AuthorsF. Zahid, E. G. Gran, B. Bogdanski, B. D. Johnsen and T. Skeie
TitlePartition-aware routing to improve network isolation in InfiniBand based multi-tenant clusters
AfilliationCommunication Systems, Communication Systems
Publication TypeProceedings, refereed
Year of Publication2015
Conference Name15th IEEE/ACM International Symposium on Cluster, Cloud and Grid Computing (CCGrid)
Date Published07/2015
Place PublishedShenzhen, China
ISBN Number978-1-4799-8006-2

InfiniBand (IB) is a widely used network interconnect for modern high-performance computing systems. In large IB fabrics, network isolation is provided through partitioning. However, routing is oblivious to the partitions in the network. Hence, physical links share flows from different partitions. This sharing of the intermediate links creates interference, which is particularly critical to avoid in multi-tenant environments, like cloud computing. In such systems, each tenant needs predictable network performance, unaffected by the workload of the other tenants. In addition, using the current routing schemes, despite that the links connecting nodes outside partitions are never used, they are routed the same way as the other functional links. This may result in degraded load-balancing.

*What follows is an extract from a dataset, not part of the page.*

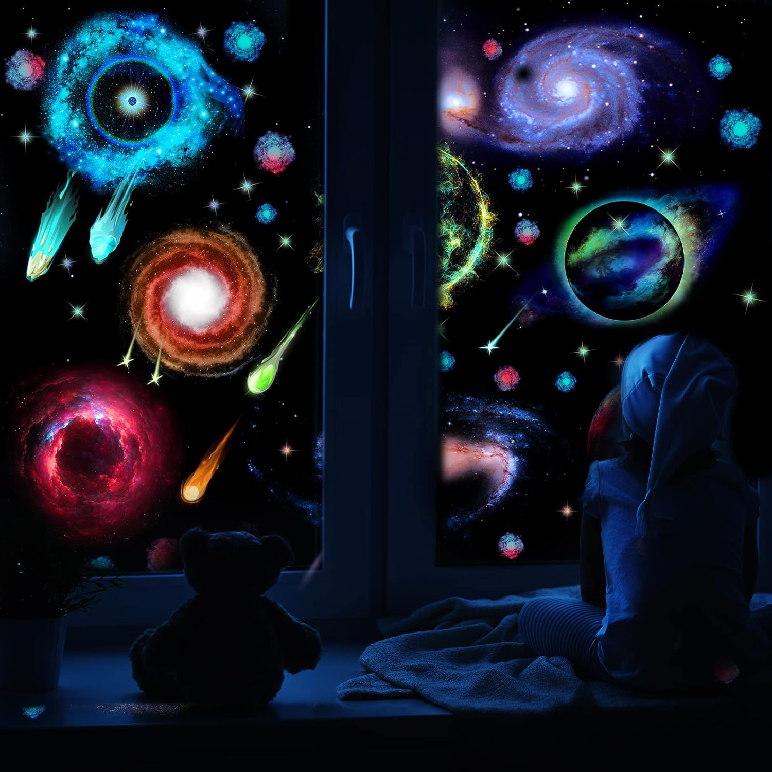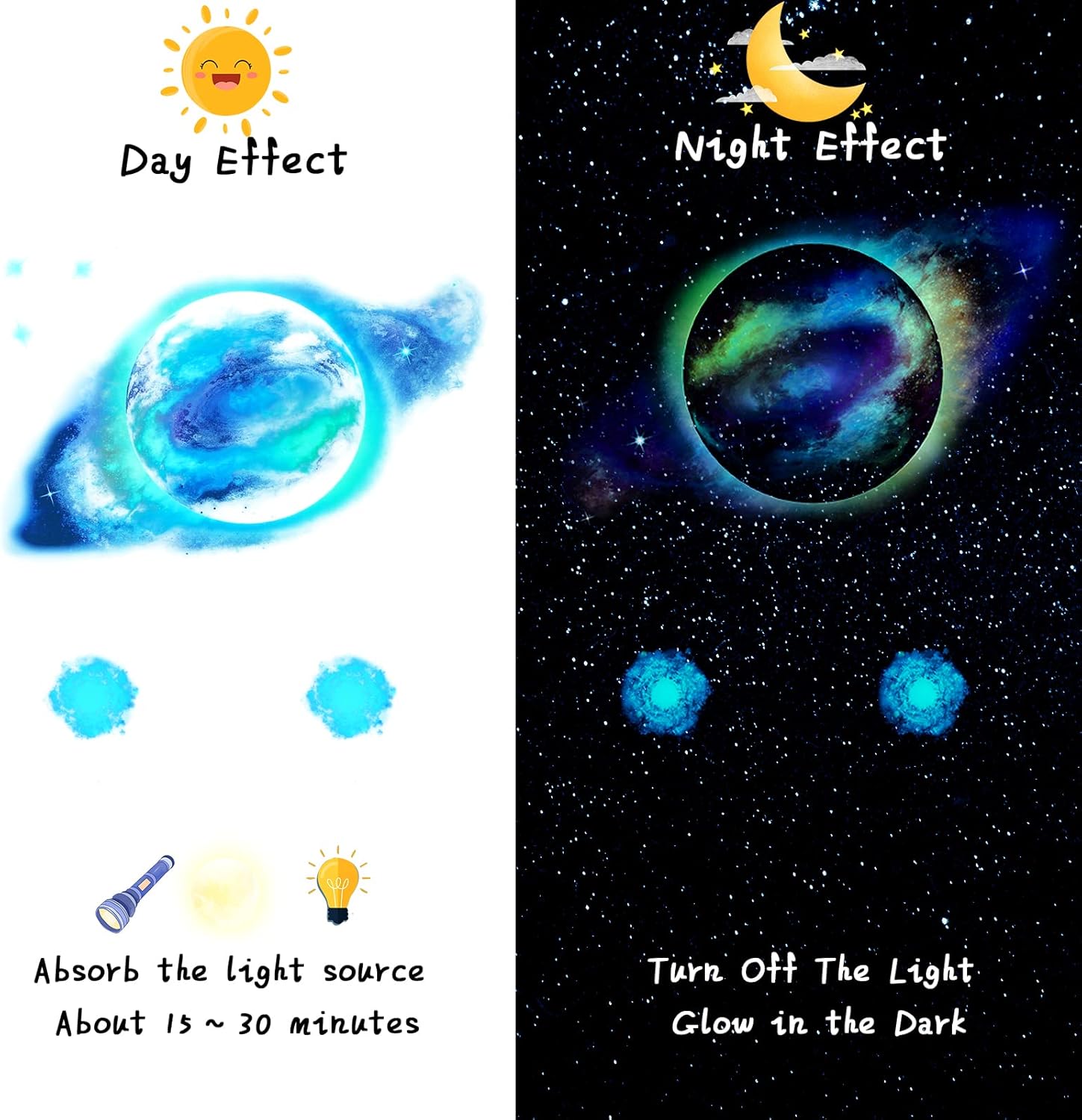 - Glow in the dark: after absorbing the light for 15-30 minutes, these glow in the dark star decals would shine in the darkness automatically, light your universe and let your immerse in the quiet and ease atmosphere; Nice tools to lull children to fall asleep

In this paper, we present an implementation of a partition-aware fat-tree routing algorithm, pFTree. The pFTree utilizes a multifold mechanism to provide performance isolation among partitions belonging to the different tenant groups. Given the available network resources, pFTree starts isolating partitions at the physical link level, and then it moves on to utilize virtual lanes when needed. Our experiments and simulations show that pFTree is able to significantly reduce the affect of inter-partition interference effectively without any additional functional overhead. Furthermore, pFTree also provides improved load-balancing over the state-of-the-art fat-tree routing algorithm.

Citation Key19134